7. Se crearon arduas exigencias laborales. - No se puede continuar enseñando con programas de estudio obsoletos. Eso es condenar elfuturo al pasado. Se debe seguir y construir, en cambio, programas de avanzada; sí con el inglés como 2ª lengua, con el uso de tecnologías, sí fortaleciendo el conocimiento en matemáticas y español. Las exigencias no obedecen a esta administración, son exigencias mundiales y, como tales, para no quedarnos atrapados en el pasado, se deben proporcionar a los estudiantes con calidad y compromiso.

8. Es fundamental el centralismo educativo. - Hoy existe un federalismo educativo y donde no se da es precisamente en las donde se hasustraído de los gobiernos estatales la gobernabilidad y el progreso educativos.

9. Es imperioso recuperar los privilegios sindicales. - Hay que recuperar el nivel de vida de los maestros, no de los líderes sindicales. Para que la transformación educativa sea real, es necesario el reconocimiento y la revalorización del quehacer docente por parte de todos los actores del sistema.

10. La evaluación docente no es necesaria. - Ejercer el presupuesto educativo con honestidad, requiere la evaluación a los maestros.

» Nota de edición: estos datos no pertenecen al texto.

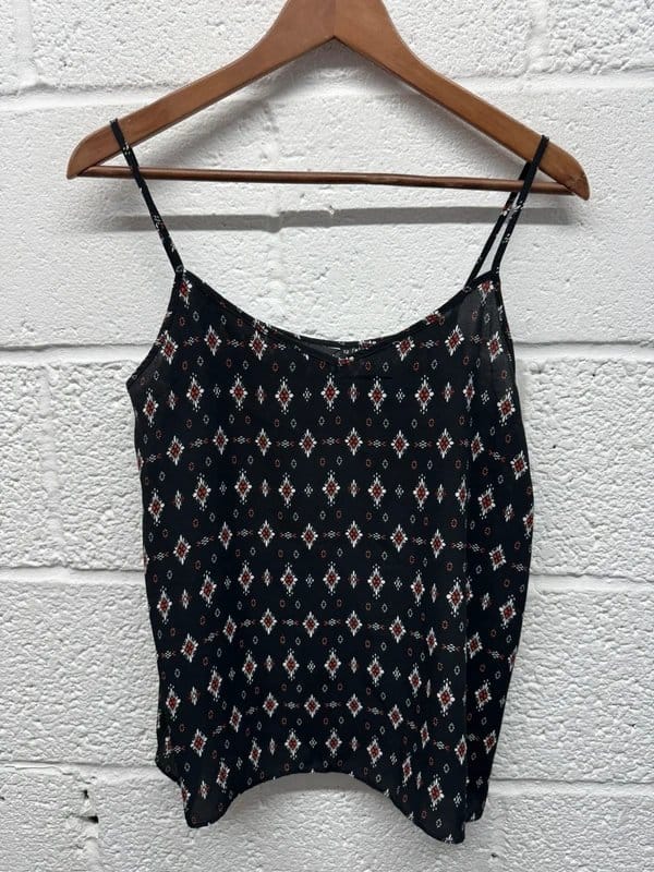 Stylish New Look camisole vest top in black and red with a geometric print. Features a scoop neckline and adjustable straps for a comfortable fit. Perfect for casual outings or layering.

Necesita la participación de gobierno, maestros, padres de familia y alumnos. 

 

El motín y la traición a la Patria

¿Dónde, a lo largo de todo este documento, se menciona, se considera, se incluye, a los estudiantes, a sus padres, a las escuelas? Es un panegírico en favor de un sindicato que hoy, nuevamente, busca controlar Elba Esther para reinstituirse como la lideresa más fuerte, para proteger y gestionar sus intereses, para continuar llevando la educación de nuestro país al precipicio.

Dar marcha atrás al avance de la transformación educativa, por la avaricia de un grupo y el chantaje de otro, solo nos condenaría como nación a un nuevo atraso de 70 años. Permitir que Elba Esther radicalice el posicionamiento del magisterio, es patrocinar una revuelta que no le puede convenir ni siquiera a un posible futuro líder de este país, inclusive si a cambio de ello se hace de una nueva tripulación de más de un millón de brazos “en defensa” del voto en zonas estratégicas del país. ¿A qué costo? 

 

La vocación del educador

La profesión de maestro es un compromiso inconmensurable, que trasciende su vida, pues la semilla sembrada germinará en aquellos alumnos que tengan la ventaja/oportunidad de un buen maestro. Esas enseñanzas pueden transitar generaciones. La educación de calidad es un derecho de los estudiantes, de los maestros y del resto de los mexicanos, de la misma manera que es una obligación de todos nosotros velar por ella.

Es responsabilidad de nosotros, padres, maestros, alumnos, autoridades y, hoy, candidatos, no permitir que se haga del magisterio un botín electoral y que la transformación educativa no se torne en rehén político; consentirlo sería un suicidio. Significaría cerrar la puerta a la única esperanza real de superación como nación: alcanzar una educación laica, gratuita y de calidad para todos los mexicanos.